(Saved entries)
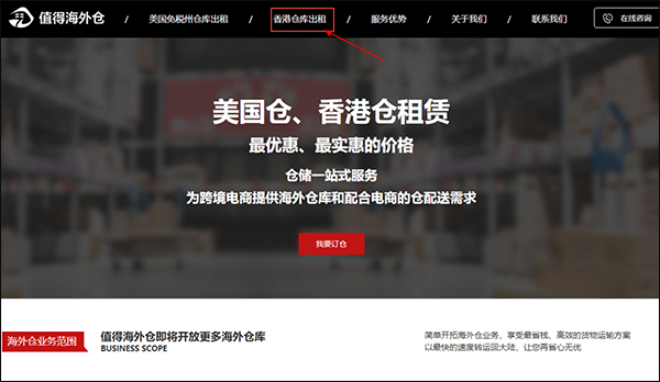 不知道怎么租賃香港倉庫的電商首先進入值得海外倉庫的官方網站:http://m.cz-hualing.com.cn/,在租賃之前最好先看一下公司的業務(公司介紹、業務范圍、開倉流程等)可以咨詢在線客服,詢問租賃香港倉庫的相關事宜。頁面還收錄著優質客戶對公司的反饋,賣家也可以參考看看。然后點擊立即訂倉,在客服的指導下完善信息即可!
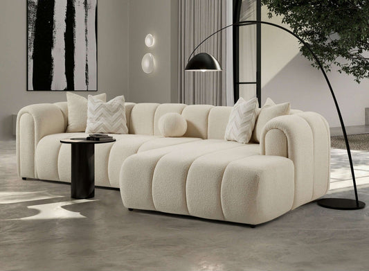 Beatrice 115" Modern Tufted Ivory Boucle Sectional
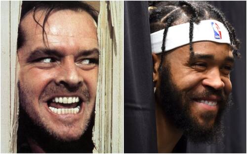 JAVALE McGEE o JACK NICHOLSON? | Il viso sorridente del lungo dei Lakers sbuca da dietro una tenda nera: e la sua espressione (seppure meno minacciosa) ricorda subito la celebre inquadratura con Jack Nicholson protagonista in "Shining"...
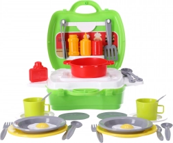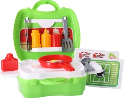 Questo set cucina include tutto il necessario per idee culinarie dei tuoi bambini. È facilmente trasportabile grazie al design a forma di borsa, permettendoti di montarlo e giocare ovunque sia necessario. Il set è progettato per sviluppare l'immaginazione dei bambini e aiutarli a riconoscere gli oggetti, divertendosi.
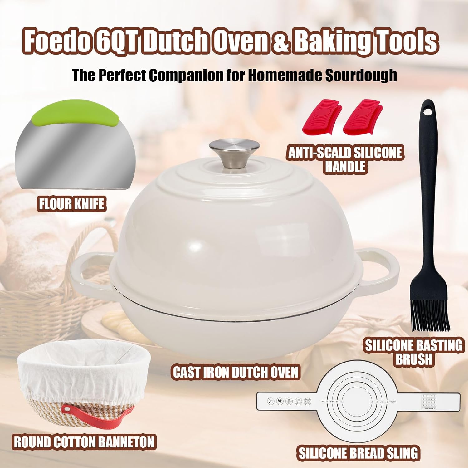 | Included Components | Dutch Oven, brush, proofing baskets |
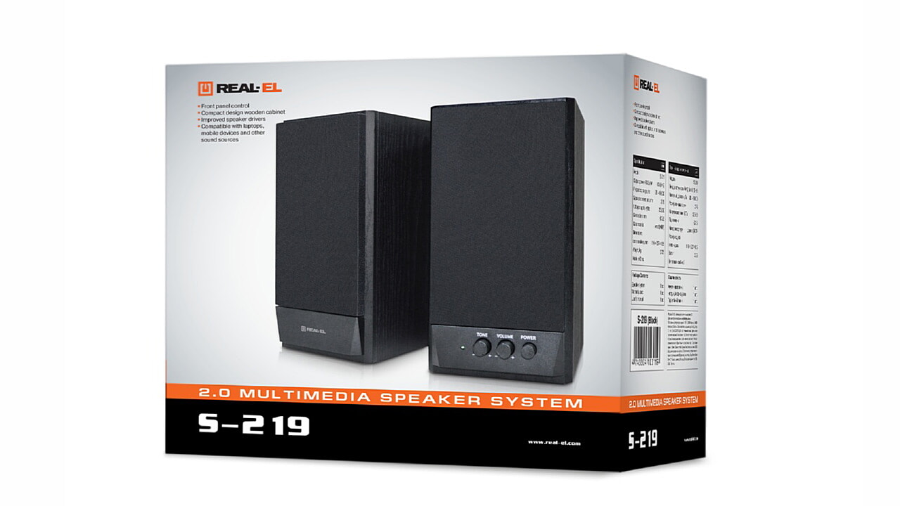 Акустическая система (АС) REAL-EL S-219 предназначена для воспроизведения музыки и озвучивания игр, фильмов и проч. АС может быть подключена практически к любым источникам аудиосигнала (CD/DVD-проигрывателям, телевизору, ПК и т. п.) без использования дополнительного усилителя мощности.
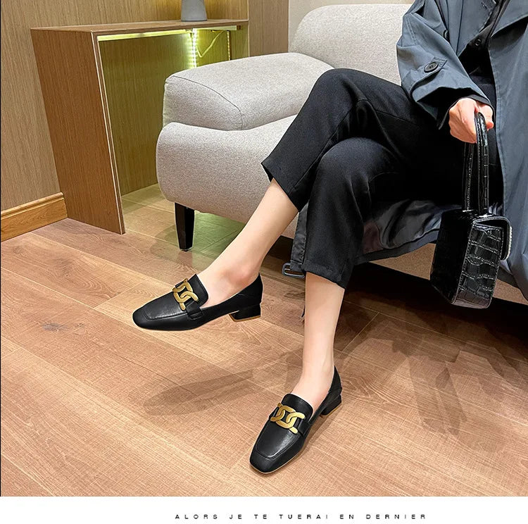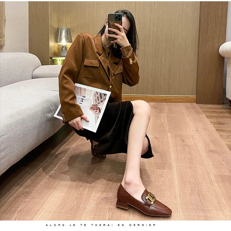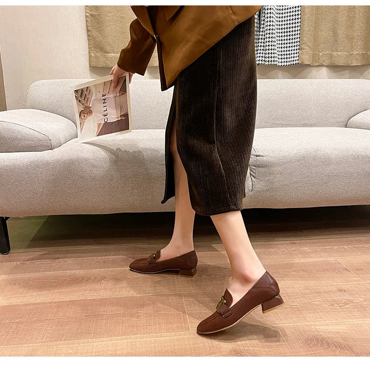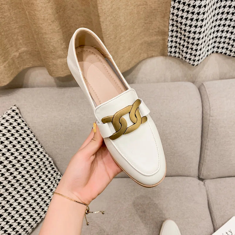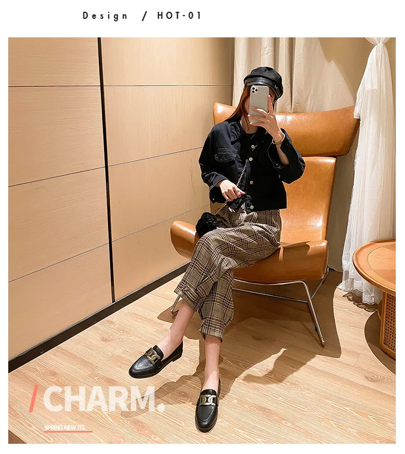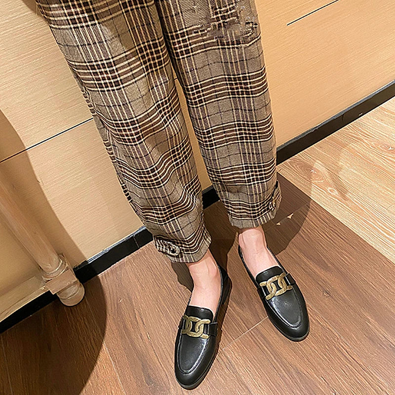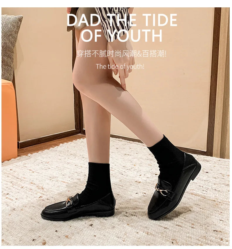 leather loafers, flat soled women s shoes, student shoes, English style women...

**WHAT IS NEEDED**
Repeat the records in full, precisely, and keep the pictures out.

**TASK OUTPUT**
 不知道怎么租賃香港倉庫的電商首先進入值得海外倉庫的官方網站:http://m.cz-hualing.com.cn/,在租賃之前最好先看一下公司的業務(公司介紹、業務范圍、開倉流程等)可以咨詢在線客服,詢問租賃香港倉庫的相關事宜。頁面還收錄著優質客戶對公司的反饋,賣家也可以參考看看。然后點擊立即訂倉,在客服的指導下完善信息即可!
 Beatrice 115" Modern Tufted Ivory Boucle Sectional
 JAVALE McGEE o JACK NICHOLSON? | Il viso sorridente del lungo dei Lakers sbuca da dietro una tenda nera: e la sua espressione (seppure meno minacciosa) ricorda subito la celebre inquadratura con Jack Nicholson protagonista in "Shining"...
 Questo set cucina include tutto il necessario per idee culinarie dei tuoi bambini. È facilmente trasportabile grazie al design a forma di borsa, permettendoti di montarlo e giocare ovunque sia necessario. Il set è progettato per sviluppare l'immaginazione dei bambini e aiutarli a riconoscere gli oggetti, divertendosi.
 | Included Components | Dutch Oven, brush, proofing baskets |
 Акустическая система (АС) REAL-EL S-219 предназначена для воспроизведения музыки и озвучивания игр, фильмов и проч. АС может быть подключена практически к любым источникам аудиосигнала (CD/DVD-проигрывателям, телевизору, ПК и т. п.) без использования дополнительного усилителя мощности.
 leather loafers, flat soled women s shoes, student shoes, English style women...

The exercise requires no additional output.